We made it as far as the Thomas Edison rest stop. This was supposed to be an express from New York to Baltimore, but the loudspeaker crackled and the driver announced, “We’re making a quick stop to disembark a sick passenger. Stay on the bus and we’ll be back on our way momentarily.”
The doors were on the opposite side from where I was sitting, so I had to crane my neck to see. An ambulance waited for us at the rest stop, and we all watched as a passenger I didn’t remember from the line made his way to it with the help of two paramedics. There hadn’t been much noise from downstairs; I assumed if something dramatic had happened, we would have heard it upstairs.
I checked the time. Eleven a.m. already. Late enough to text April without feeling too guilty if I woke her.
How u doing? I wrote. No response.
The bus started again. The rest of the ride was uneventful. I texted April a couple more times then gave up, hoping she was sleeping it off.
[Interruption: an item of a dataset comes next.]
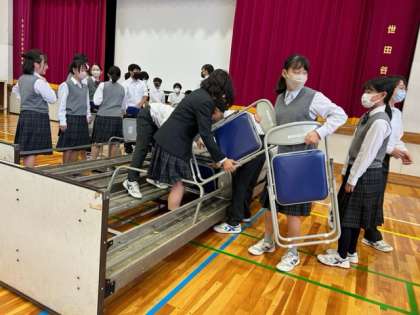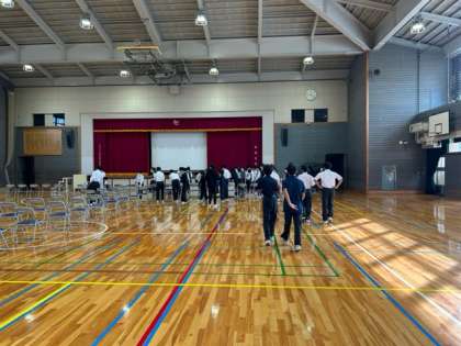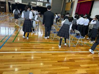 椅子並べは1年生4,5組が担当しました。みんなよく働いたので300脚が8分で並びました!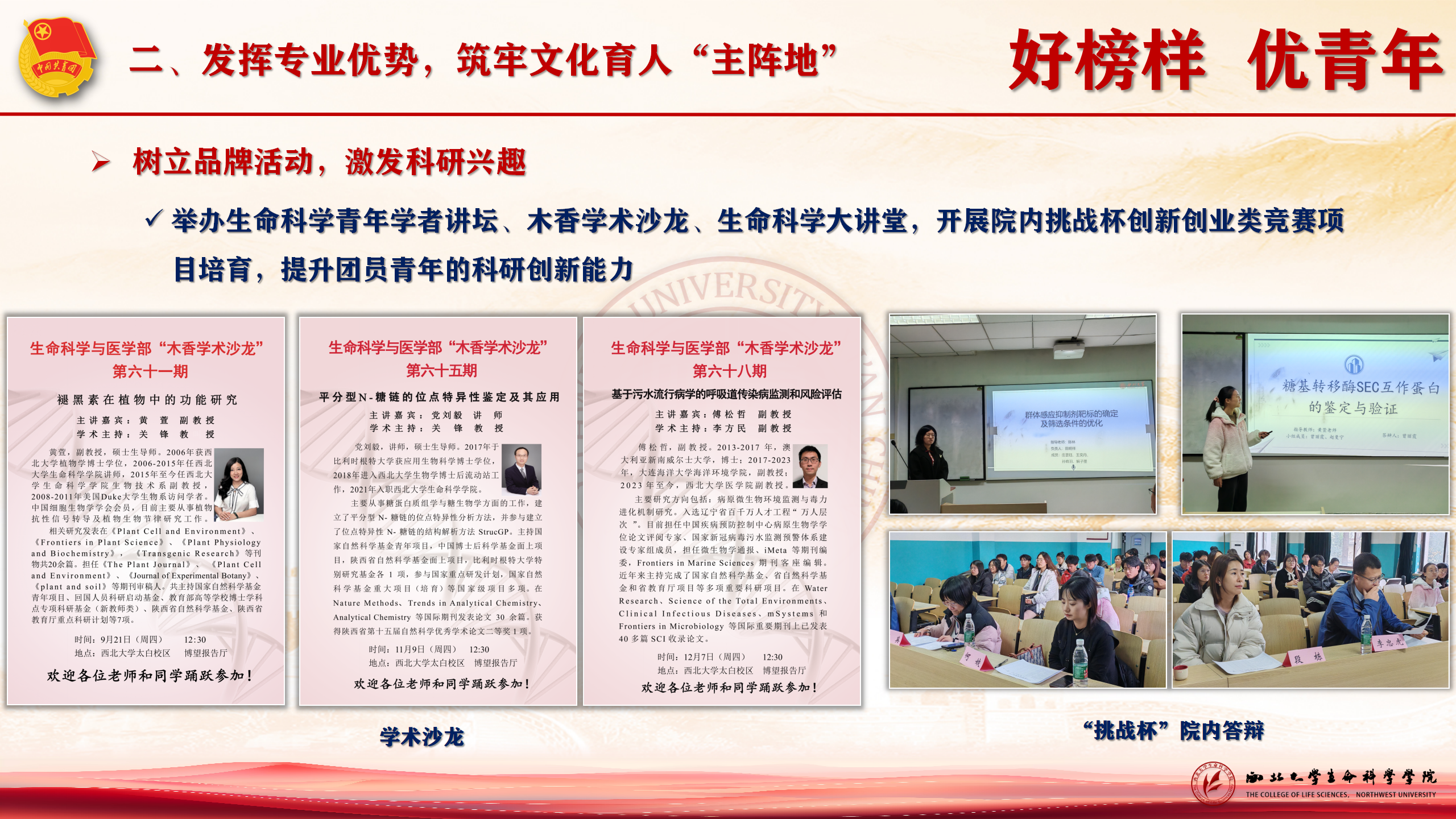 树立品牌活动,激发科研兴趣。举办“木香学术沙龙”“生命科学大讲堂”等品牌活动30场,参与人次超700,进一步激发团员青年的科研兴趣,提升科研创新能力和专业自信。

If she didn’t answer, I didn’t have any other way of reaching her.
Trudging from the bus back to the house reinforced the letdown. A single show was not a tour. It wasn’t even enough of a rush to get me through a day. I let myself in to the house I lived in, a house that still didn’t feel like a home. Not that there was anything homey about a tour’s worth of hotel rooms, but at least that carried some payoff. Home was the road, the gig, the music.
There was nobody in the living room. Nobody in the kitchen. A cat I’d never seen before mewled a greeting, but when I stooped to pet it my gig bag swung off my shoulder and it skittered away. Back in my room, I leaned the guitar against a wall and collapsed on the bed in an exact replay of every day previous to the day before. Playing a single show hadn’t changed anything, and I still didn’t know what would.
8
ROSEMARY
Little Boxes
The farm truck hadn’t been allowed on highways since the phaseout, so Rosemary had to hire a single-cell cab to drive her to the StageHoloLive orientation. She’d never been in a single-cell before. A nice bench seat to herself, and if she kept her hands in her lap she didn’t have to contemplate the other people who’d sat here and touched the surfaces. She didn’t have to touch anything other than her own phone and the door handles, and there was no driver to force awkward conversation, the way they did in her parents’ old shows.
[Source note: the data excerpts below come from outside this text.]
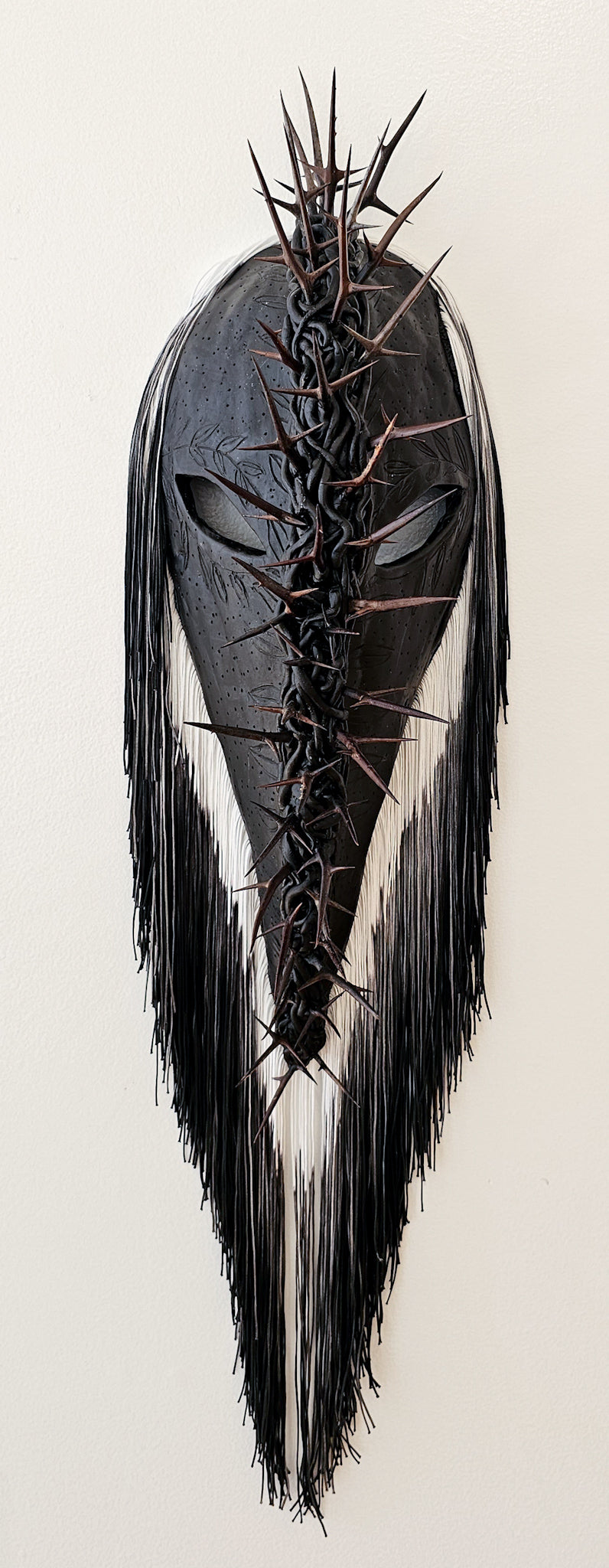 9" x 26" x 9" | Clay, fabric fringe, thorns, acrylic paint | 2025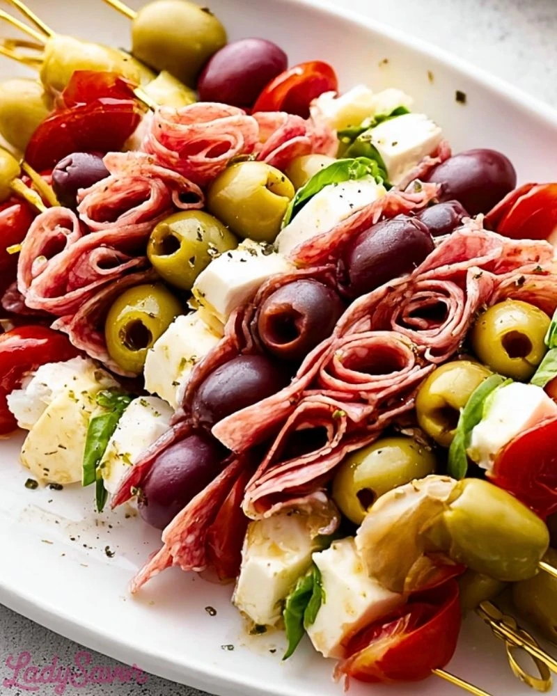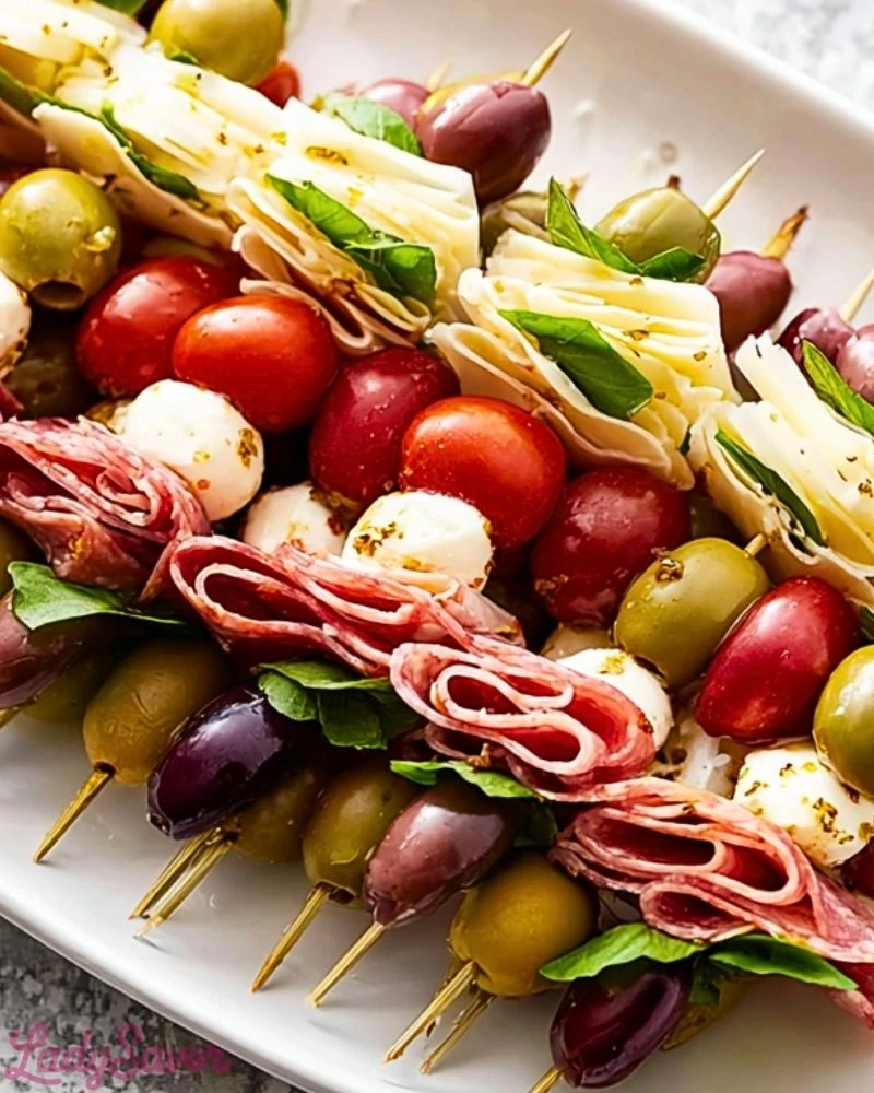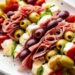 Don’t have salami or cherry tomatoes? No problem. Swap in pepperoni, prosciutto, or cubed cheese. Try roasted red peppers instead of artichokes, or cucumber slices instead of basil. Vegan? Skip the cheese and meat, and double up on marinated veggies, olives, and pickles. The key is balance—mix bold, briny, creamy, and crisp ingredients for the best result.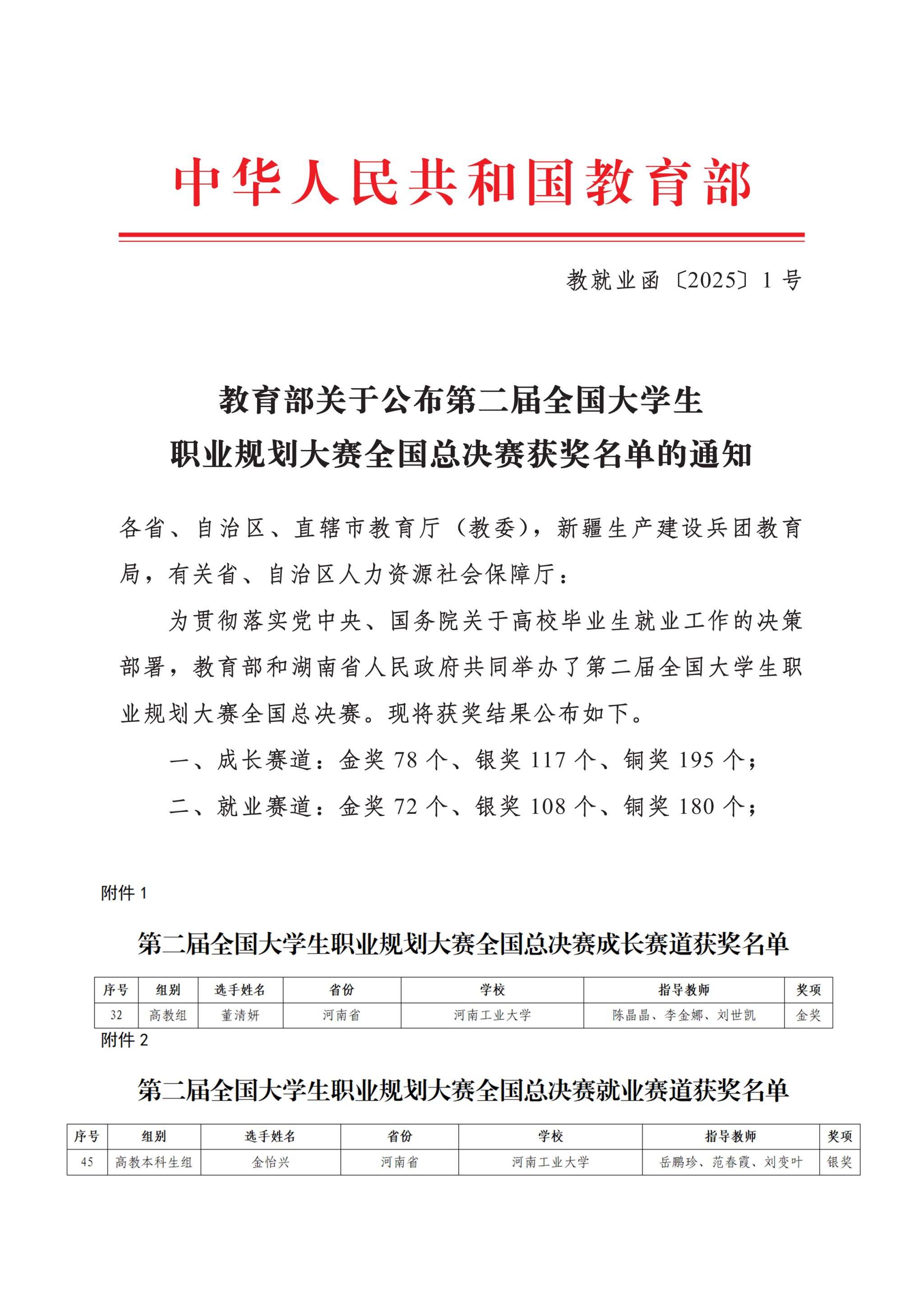 近日,教育部正式印发《关于公布第二届全国大学生职业规划大赛全国总决赛获奖名单的通知》(教就业函〔2025〕1号)。第二届全国大学生职业规划大赛总决赛全国共设750个奖项,各高校竞争尤为激烈。此次河南省高校在全国赛场表现优异,共斩获9金16银14铜;而我校学子同样脱颖而出——材料科学与工程学院董清妍斩获成长赛道高教组金奖,经济贸易学院金怡兴斩获就业赛道高教本科组银奖。乐鱼online(中国)不仅以1金1银的成绩跻身全省前列,更成为省内仅有的两所双赛道均获金银奖的本科高校之一。

She was glad she hadn’t driven the farm truck; she’d be stuck watching the road ahead and listening to the misfiring engine, which roared too loud for her to bother with music. In the truck she’d be stuck on the rutted county roads, since Rattlebang wasn’t allowed on this smooth new automated highway. This way she got to look out the windows at everything she’d missed for the last dozen years stuck in Jory. Not that she could see much from the highway, but she caught glimpses: shopping centers turned detention centers turned Superwally distribution centers; barns with winter-bare oaks thrusting through caved-in roofs; the skeletal spines of roller coasters in an abandoned amusement park; a motel captured in time; a cinema, where total strangers used to gather in large groups to watch movies. Everywhere, the ghosts of a past she was old enough to remember, barely, but not to remember well. Her parents’ world, not hers.